Segment Start: Source material
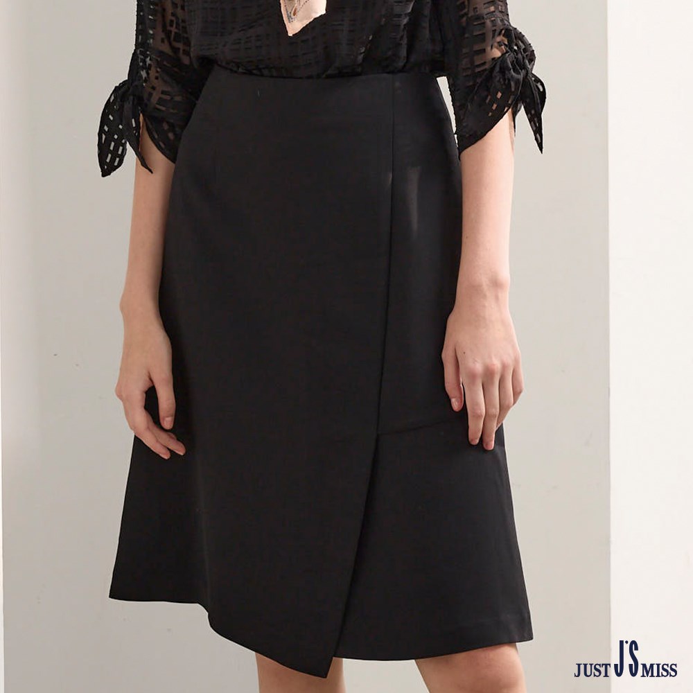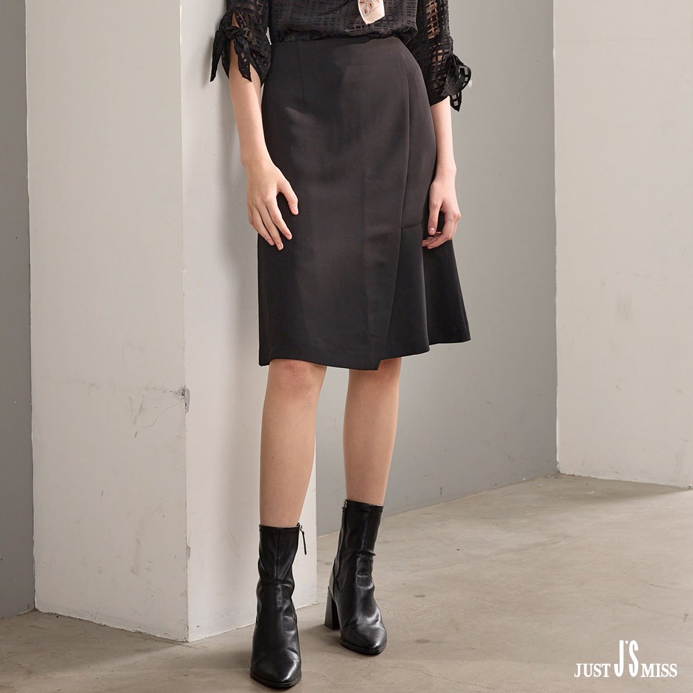 特殊側面修身剪裁拉鍊式直筒素面中長裙
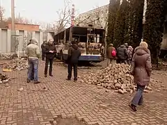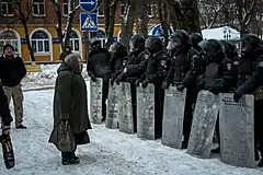 ![]() Бабуся біля «Беркуту», який заблокував прохід на вул. Гагаріна |
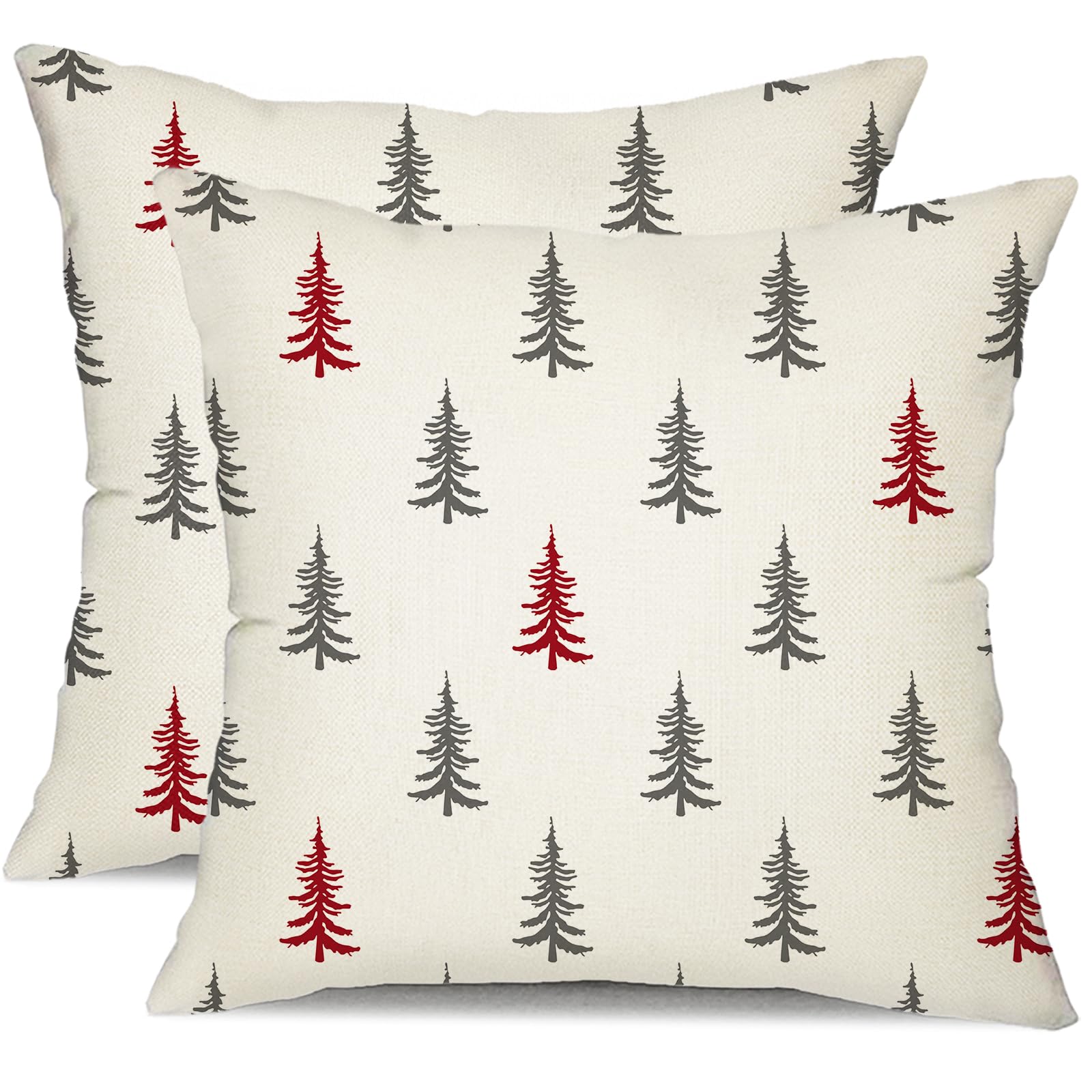 Christmas Pillow Covers 18x18 inch Set of 2 Christmas Tree Decorative Red and Gray Throw Pillow Covers
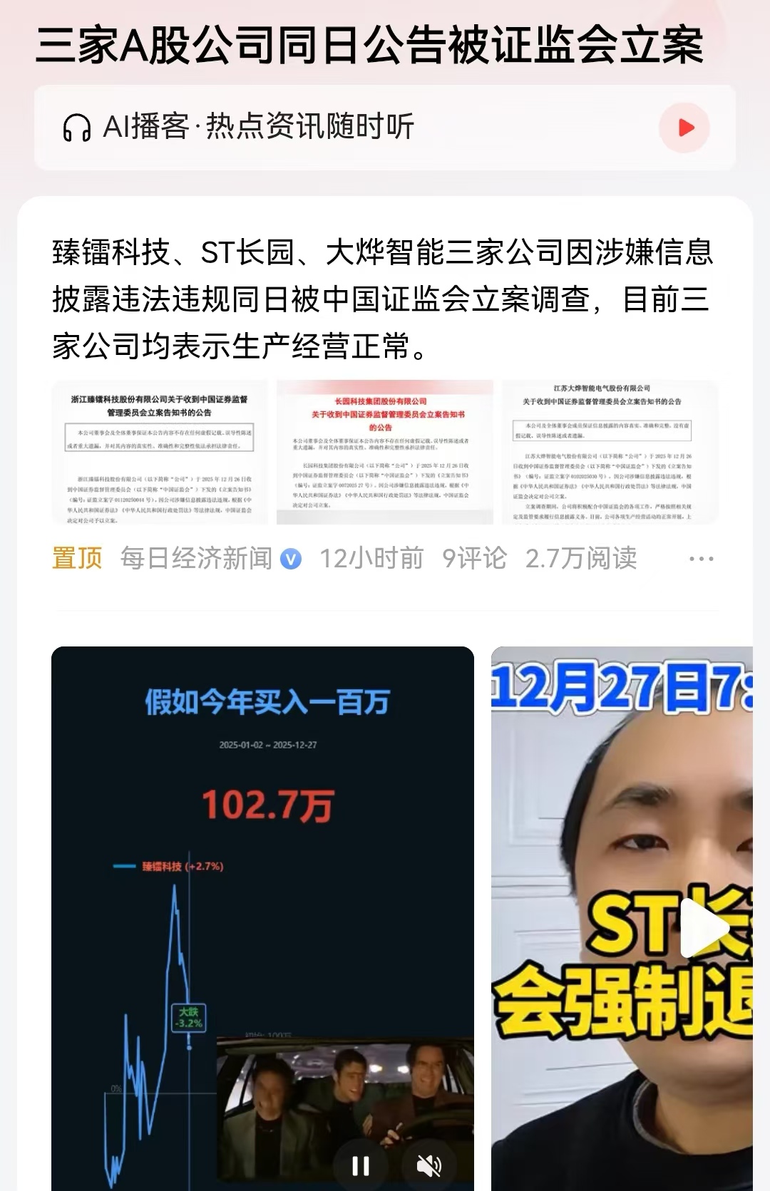 在2025年最后几天,监管同时对三家上市公司立案调查。目前从公告来看,臻镭科技、ST长园、大烨智能三家公司仅仅告知涉嫌信息披露违法违规。那么具体是关联交易没有披露,还是重大财务数据被隐藏,又或者大股东相关信息有隐瞒造假行为,现在还不清楚,但是无论如何,对于持有这三家上市公司的A股股民来说,都是一个极大的利空消息。
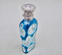 This delightful Victorian silver mounted enamelled green glass scent bottle bears the marks of John Grinsell and is dated Birmingham 1900. The slightly panelled pale green glass body heightened with sprays of enamel flowers. Fitted with a fully hallmarked embossed silver screw-top lid. The lid decorated with flowers surrounding a vacant cartouche. The neck with clear glass stopper.
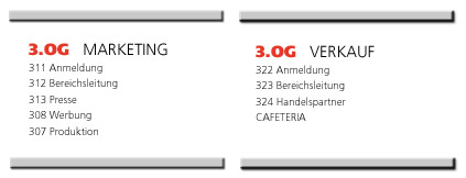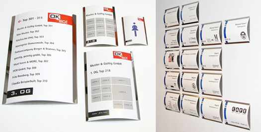 Tritt man aus dem Lift oder steht man am Treppenende, muss einfach und schnell erkennbar sein, wo ein Geschäftspartner sein Top hat!
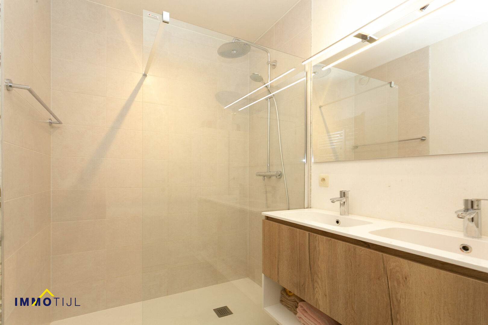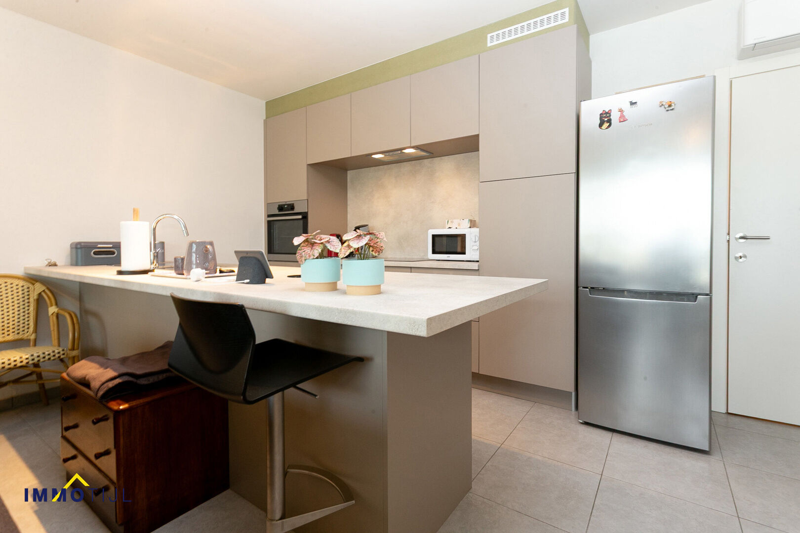 Het appartement is tot in de puntjes afgewerkt (open keuken met vaatwas en inductiekookplaat, overal tegelvloer dus ook in de slaapkamer, mooi afgewerkte binnendeuren, videofonie, enzovoort.
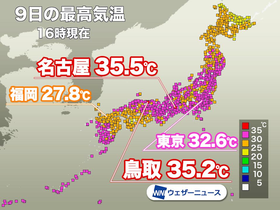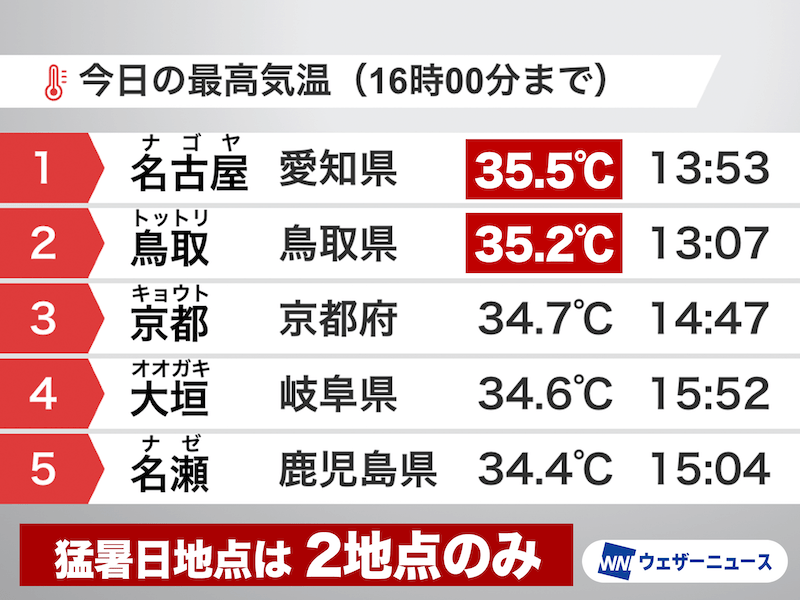 16時時点で35℃以上を観測した猛暑日地点は全国で名古屋(35.5℃)と鳥取(35.2℃)の2地点のみでした。
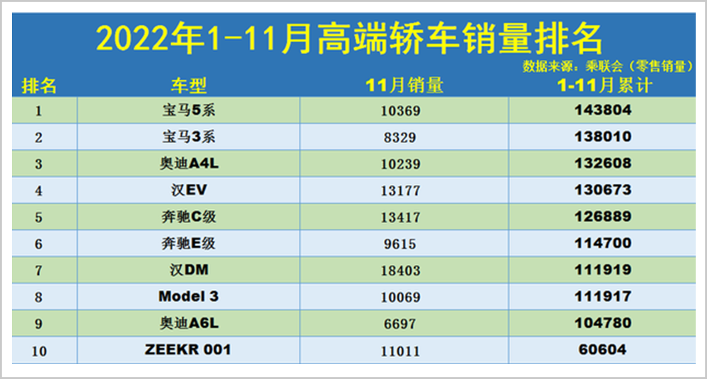 乘联会数据显示,2022年1-11月,中国新能源汽车厂商销量TOP3依次为:比亚迪、上汽通用五菱、特斯拉,其销量分别为157.63万辆、40.33万辆、39.78万辆,同比增长分别为220.9%、7.1%、59%,市场份额分别为31.3%、8%、7.9%。
Segment End: Source material
__What you are asked to do__
No pictures belong in the output. Restate word for word only the lines from the one containing "Het appartement is" to the end of the entries above.

__Output below__
 Het appartement is tot in de puntjes afgewerkt (open keuken met vaatwas en inductiekookplaat, overal tegelvloer dus ook in de slaapkamer, mooi afgewerkte binnendeuren, videofonie, enzovoort.
 16時時点で35℃以上を観測した猛暑日地点は全国で名古屋(35.5℃)と鳥取(35.2℃)の2地点のみでした。
 乘联会数据显示,2022年1-11月,中国新能源汽车厂商销量TOP3依次为:比亚迪、上汽通用五菱、特斯拉,其销量分别为157.63万辆、40.33万辆、39.78万辆,同比增长分别为220.9%、7.1%、59%,市场份额分别为31.3%、8%、7.9%。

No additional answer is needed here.